1. El Cantal: volcanes, lagos y grandes espacios
El Cantal es un destino ideal para quienes quieren alejarse de las playas abarrotadas del sur. Aquí, los paisajes están dominados por volcanes, valles y grandes espacios abiertos. Una ruta de senderismo por el Puy Mary, un paseo por el valle de la Jordanne o un día a orillas del lago de Saint-Étienne-Cantalès ya son suficientes para disfrutar plenamente de las vacaciones.
Los amantes de los pueblos con encanto también pueden hacer una parada en Salers, mientras que los más deportistas encontrarán numerosas rutas de senderismo en el macizo del Cantal.
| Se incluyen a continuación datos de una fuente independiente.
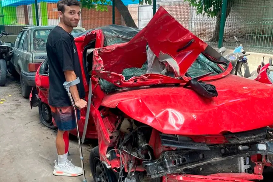 Durante esa semana, su vida había cambiado para siempre. El accidente ocurrió en la madrugada del lunes 9 de diciembre, sobre la ruta 7, en el ingreso a Mendoza. Viajaba junto a su pareja para pasar unos días de vacaciones cuando un violento choque lo dejó gravemente herido. La pelvis estaba fracturada y una de sus piernas había quedado comprometida de manera irreversible. “El accidente me apretó tanto la arteria femoral que no tenía circulación sanguínea con esa pierna”, explicó más tarde.
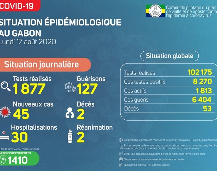 Gabon Matin vous livre le point journalier du Comité de pilotage du plan de veille et de riposte contre l’épidémie à Coronavirus au Gabon du 17 août 2020.
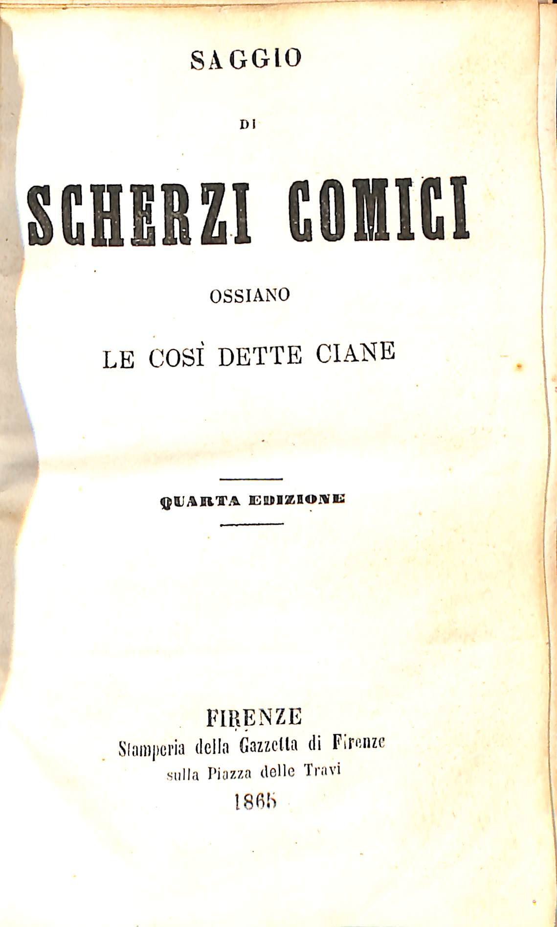 Saggio di scherzi comici, ossiano Le così dette ciane. 300 p. ; 16 cm. 852 - Ba Ottimo (Fine)
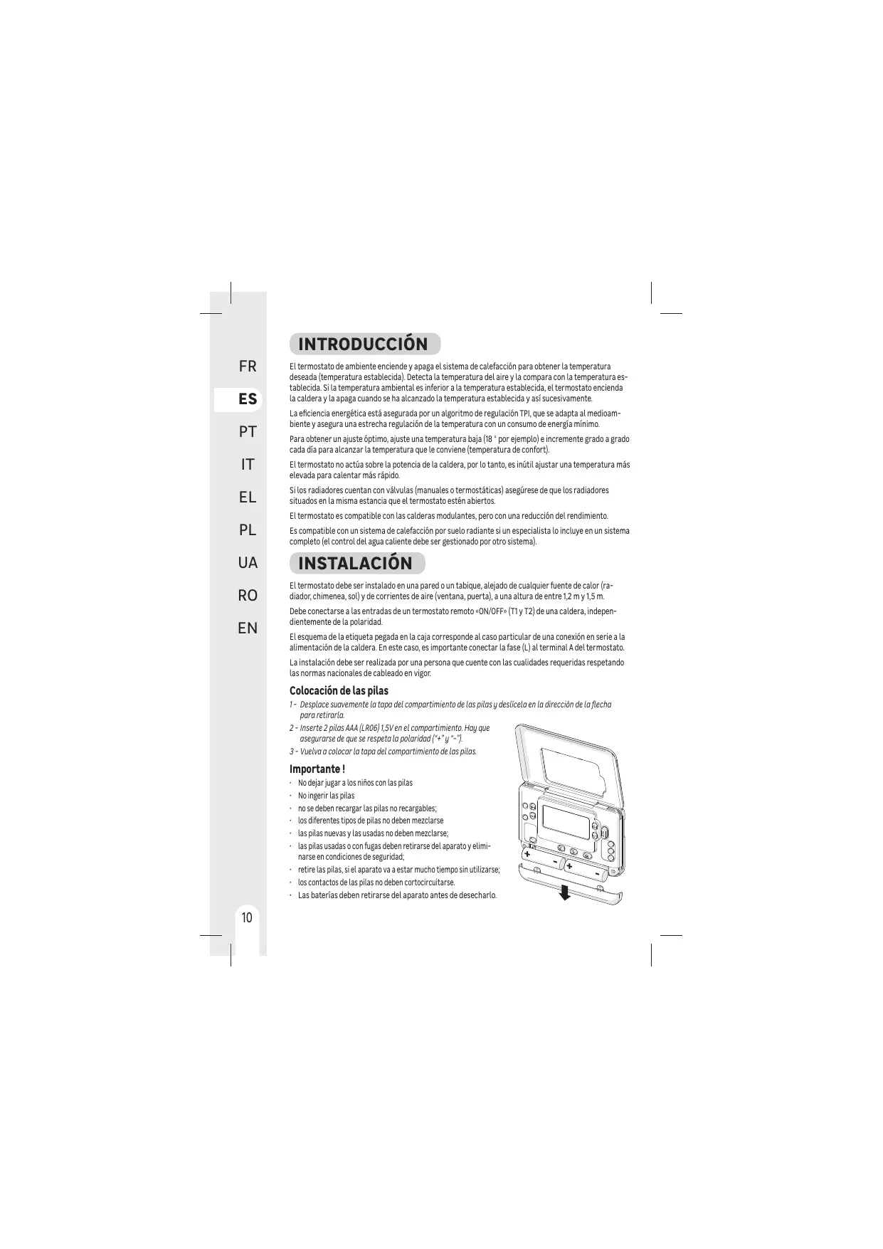 INSTALLATION Le thermostat dot étre installé surun mur ou une cloison, éloigné de toute source de chaleur radiateur cheminée soleil et des courants d'air fenêtre, porte, une hauteur de ,2m à 15m
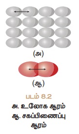 உள்ள தூரத்தின் பாதியே உலோக ஆரம் எனப்படும். படம் 8.2
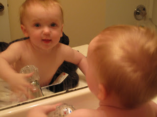 Olivia has made it her mission to stand on her own and tries over and over. She's getting better at standing for longer periods. She loves walking with parent's fingers. She has what David calls "a Kung Fu grip". I swear she could break my fingers off!
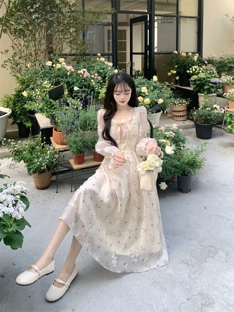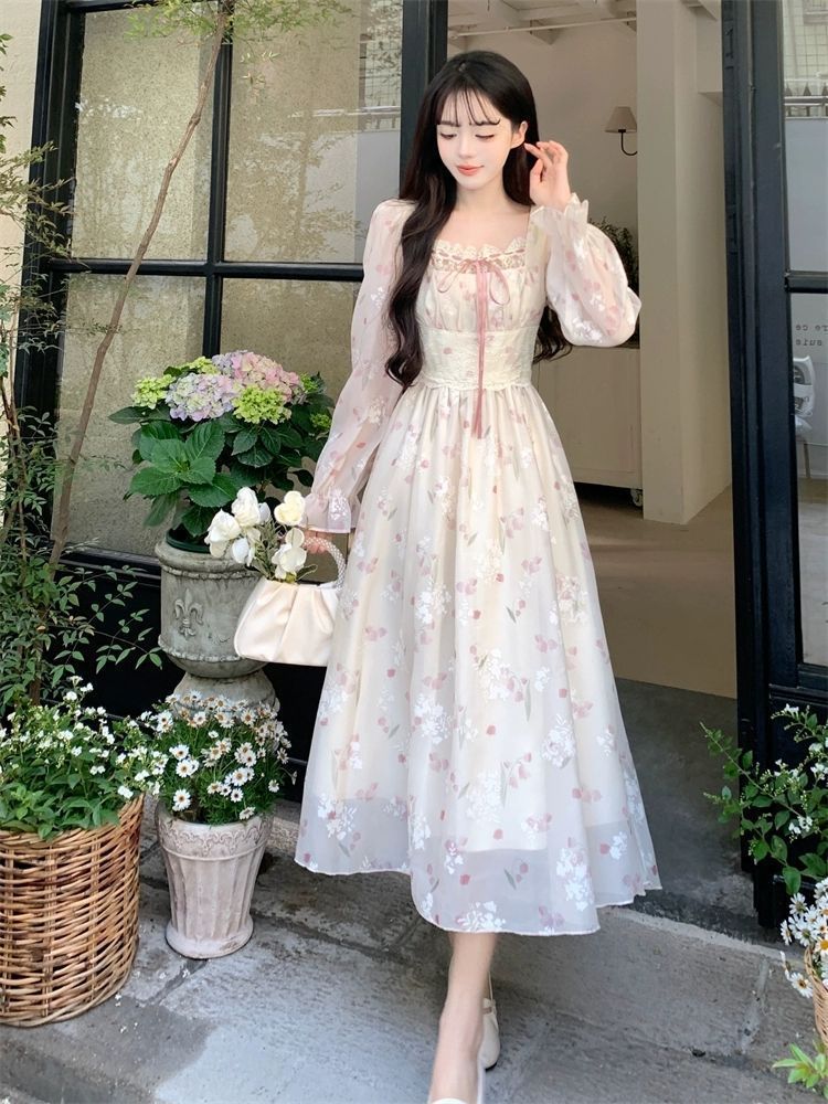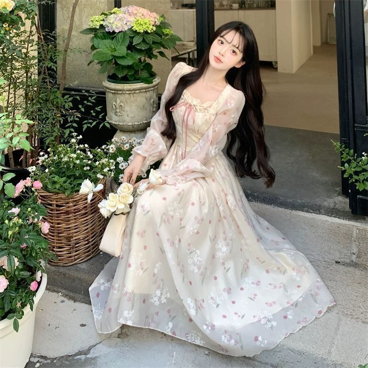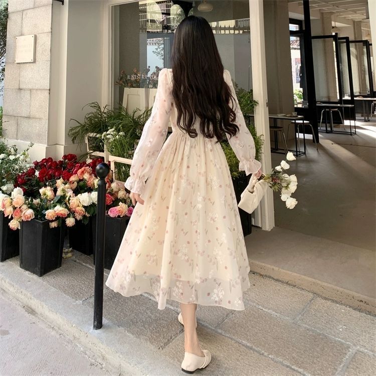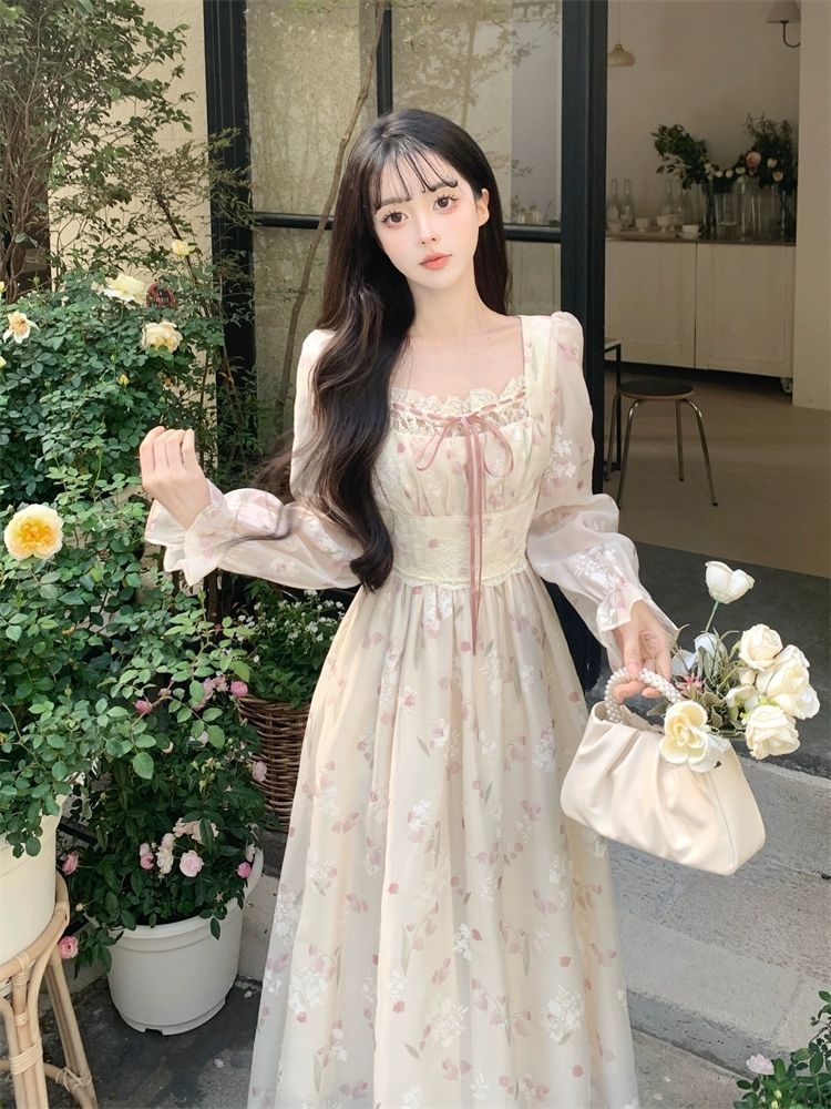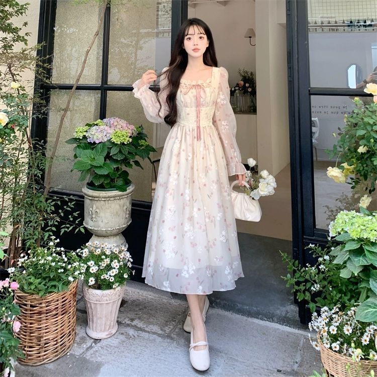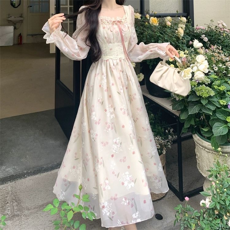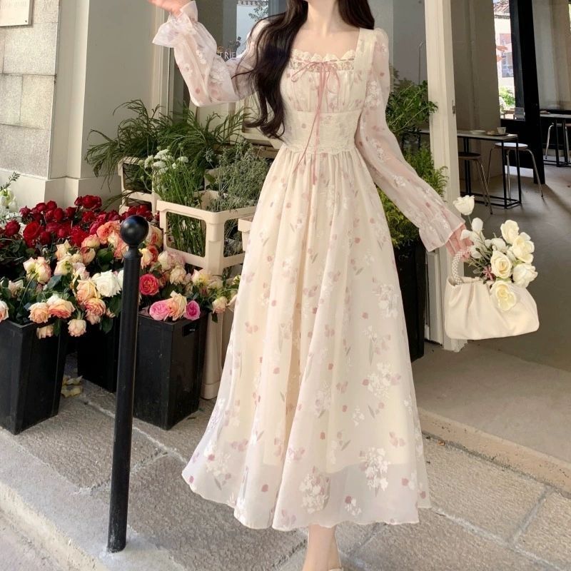 플러스 사이즈 이른 봄 프렌치 스퀘어 넥 자카드 요정 롱 스커트 허리 슬리밍 스위트 긴팔 쉬폰 드레스 여성 의류스토어 가기

Además, el Cantal cuenta con una amplia oferta de campings, con numerosos establecimientos en plena naturaleza, a orillas de un río o cerca de un lago. Entre ellos, el Camping du Domaine La Plage du Garoustel, en Saint-Gérons, goza de una ubicación especialmente agradable a orillas del lago de Saint-Étienne-Cantalès, ideal para combinar el baño, las actividades náuticas y el descubrimiento de los alrededores.
Otra opción es Huttopia Lac de la Siauve, en Lanobre, que apuesta más por un entorno natural y tranquilo a orillas del lago de Bort-les-Orgues. Un buen punto de partida para disfrutar de los paisajes del Cantal y lanzarse fácilmente a descubrir las rutas de senderismo.
2. El Jura: lagos para bañarse y bosques para perderse
El Jura es una excelente opción para quienes buscan agua y naturaleza sin tener que dirigirse necesariamente al Mediterráneo. El lago de Chalain, las cascadas del Hérisson y el lago de Vouglans son algunas de las visitas imprescindibles.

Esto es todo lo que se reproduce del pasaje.